Definition / general
  • Use of automatic operational equipment in the manufacturing or processing of whole blood or pretransfusion testing
  • Semiautomated systems allow for partial manual labor with automated interpretation
Essential features
  • Blood bank automation is an alternate method to manual tube testing and blood processing in transfusion medicine
  • Promotes standardization of interpretation, increased transfusion safety, specimen batching and efficiency in turn around times
  • 3 methodologies currently exist for automated pretransfusion testing and 1 for whole blood separation
  • Implementation requires appropriate equipment verification
Terminology
  • Automated blood bank system
  • Automated pretransfusion compatibility testing
  • Automated blood processing system (ABPS)
  • Solid phase red cell adherence assay (SRCA)
  • Column agglutination test (CAT)
  • Erythrocyte magnetized technique (EMT)
Application of automation in transfusion medicine
  • Blood component collection and processing
    • Separation into plasma, red blood cell (RBC) and platelet components by apheresis
    • Leukoreduction to prevent transmission of cytomegalovirus (CMV)

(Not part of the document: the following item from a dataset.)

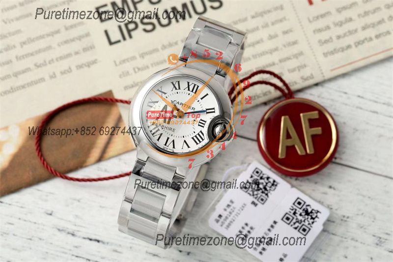Ballon Bleu W69012Z4 42mm A2824 Automatic Mens Watch Best Edition AF Silver Roman Dial Stainless Steel Bracelet
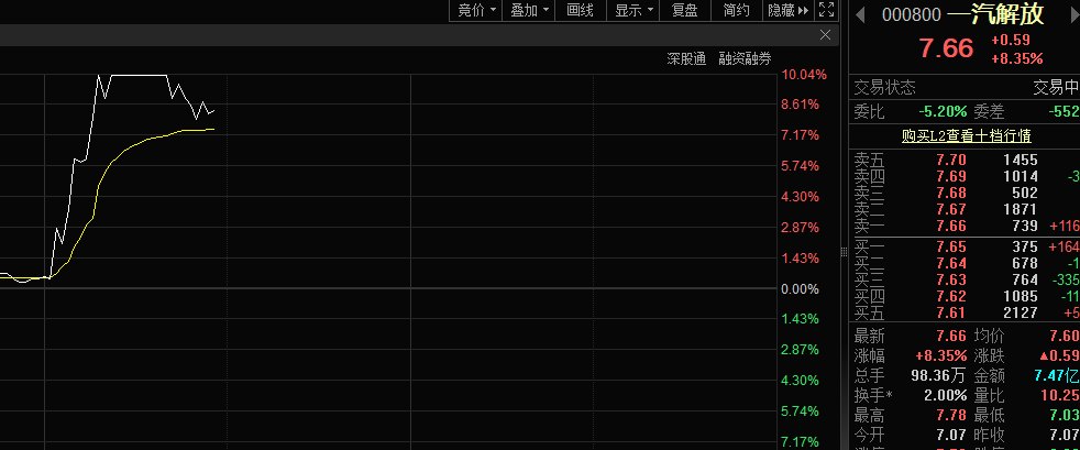 8月20日午后,一汽解放(000800)股价突然大幅拉升,10分钟内由涨幅不到1%,拉升至涨停板,盘中涨停板封单一度超过50万手。随后,该股涨停板被打开。

    • Separation and processing of whole blood unit collections
  • RBC washing for IgA deficient patients (Transfusion 2015;55:2415)
  • Platelet agitation
  • ABO typing, antibody screening, ABO titers, selected cell panels and compatibility testing in pretransfusion (immunohematology) testing
  • Product safety and detection of growth of microorganisms in platelets through culture: BacT / ALERT (Transfus Med 2002;12:303)
  • Supply of uncrossmatched or crossmatched blood via remote allocation in blood storage machines located away from the blood bank (Transfusion 2018;58:372)
  • Possible use in manufacture of blood components (Transfusion 2021;61:568)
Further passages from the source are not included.